### GIVEN DATA
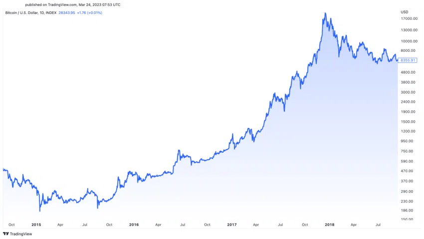 Nach dem Halving 2016 stieg der Bitcoin Kurs von etwa 650 USD im Juli auf fast 20.000 USD im Dezember 2017. Die Marktstimmung war in dieser Zeit überwiegend positiv. Dies war auf die erhöhte Aufmerksamkeit der Mainstream-Medien, vermehrte Initial Coin Offerings (ICOs) und den Einstieg institutioneller Anleger:innen zurückzuführen.
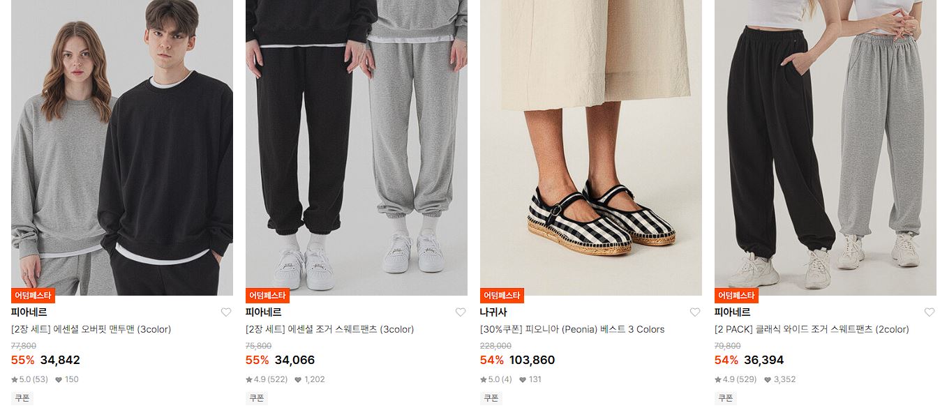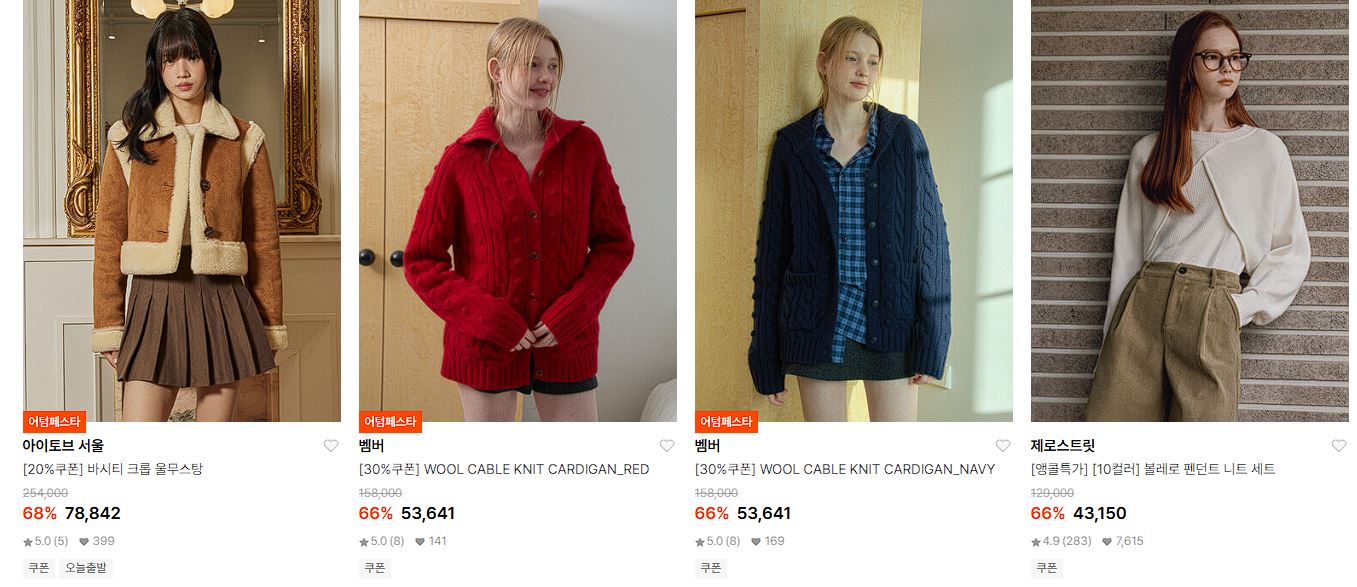 할인 품목 : 가디건, 자켓, 팬츠 등
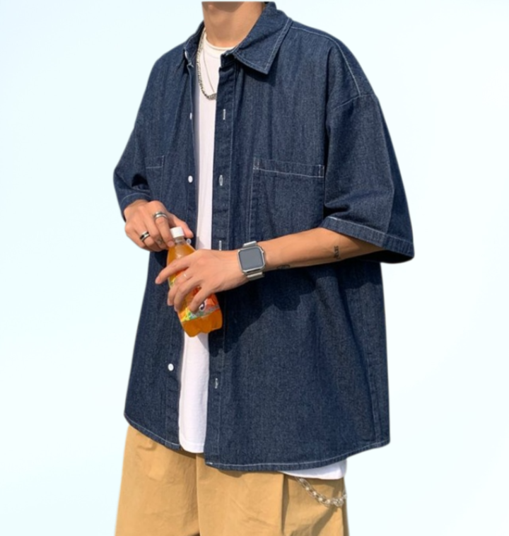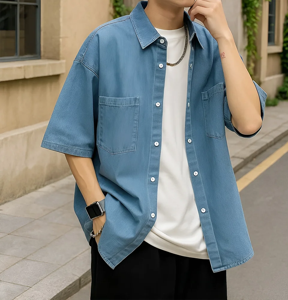 เสื้อเชิ้ตยีนส์แขนสั้นสไตล์เกาหลีสำหรับผู้ชาย เทรนด์ฤดูร้อน สำหรับวัยรุ่น
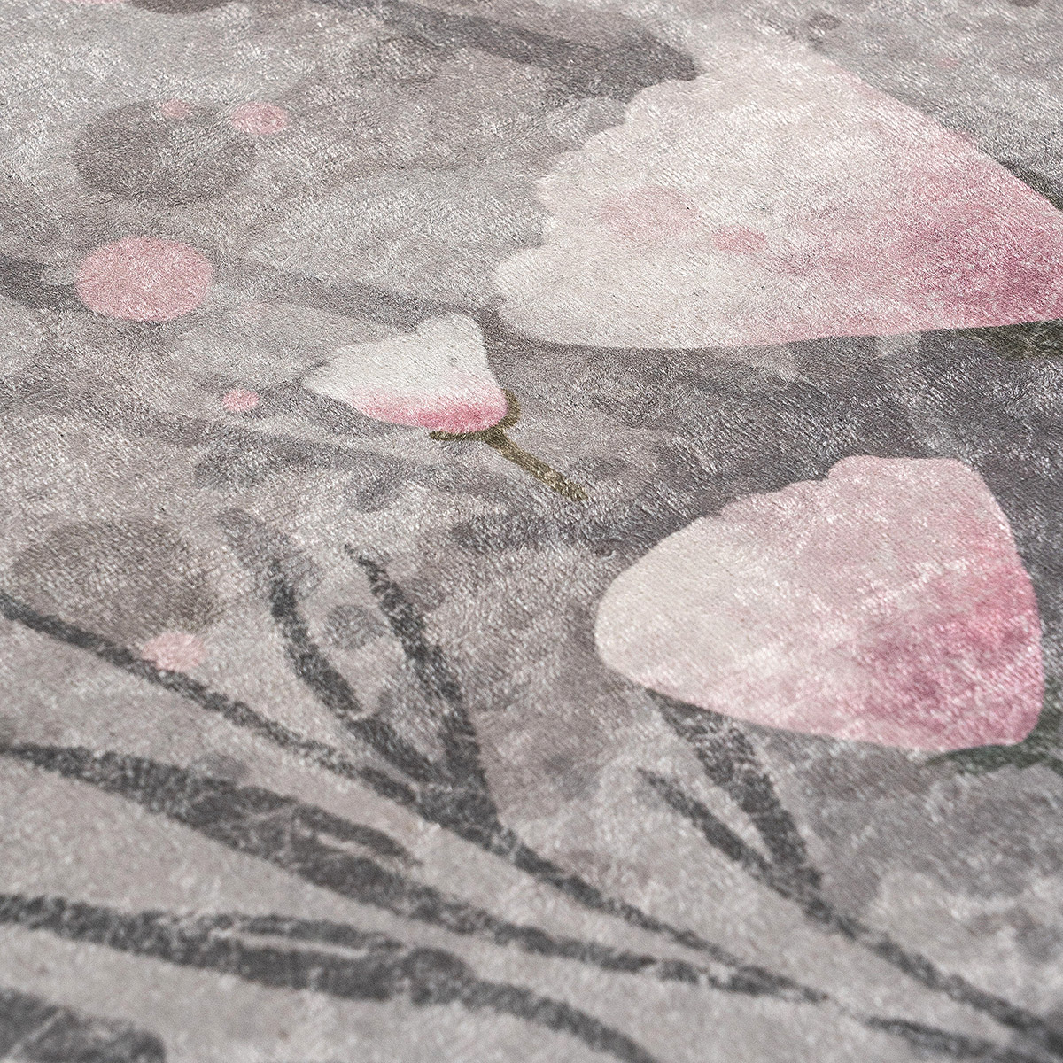 • Χαλί με λουλουδάτο σχέδιο σε μπεζ και ροζ αποχρώσεις

### WORK INSTRUCTIONS
The preceding listing is to be restated word for word, with every picture omitted.

### ANSWER TO THIS TASK
 Nach dem Halving 2016 stieg der Bitcoin Kurs von etwa 650 USD im Juli auf fast 20.000 USD im Dezember 2017. Die Marktstimmung war in dieser Zeit überwiegend positiv. Dies war auf die erhöhte Aufmerksamkeit der Mainstream-Medien, vermehrte Initial Coin Offerings (ICOs) und den Einstieg institutioneller Anleger:innen zurückzuführen.
 할인 품목 : 가디건, 자켓, 팬츠 등
 เสื้อเชิ้ตยีนส์แขนสั้นสไตล์เกาหลีสำหรับผู้ชาย เทรนด์ฤดูร้อน สำหรับวัยรุ่น
 • Χαλί με λουλουδάτο σχέδιο σε μπεζ και ροζ αποχρώσεις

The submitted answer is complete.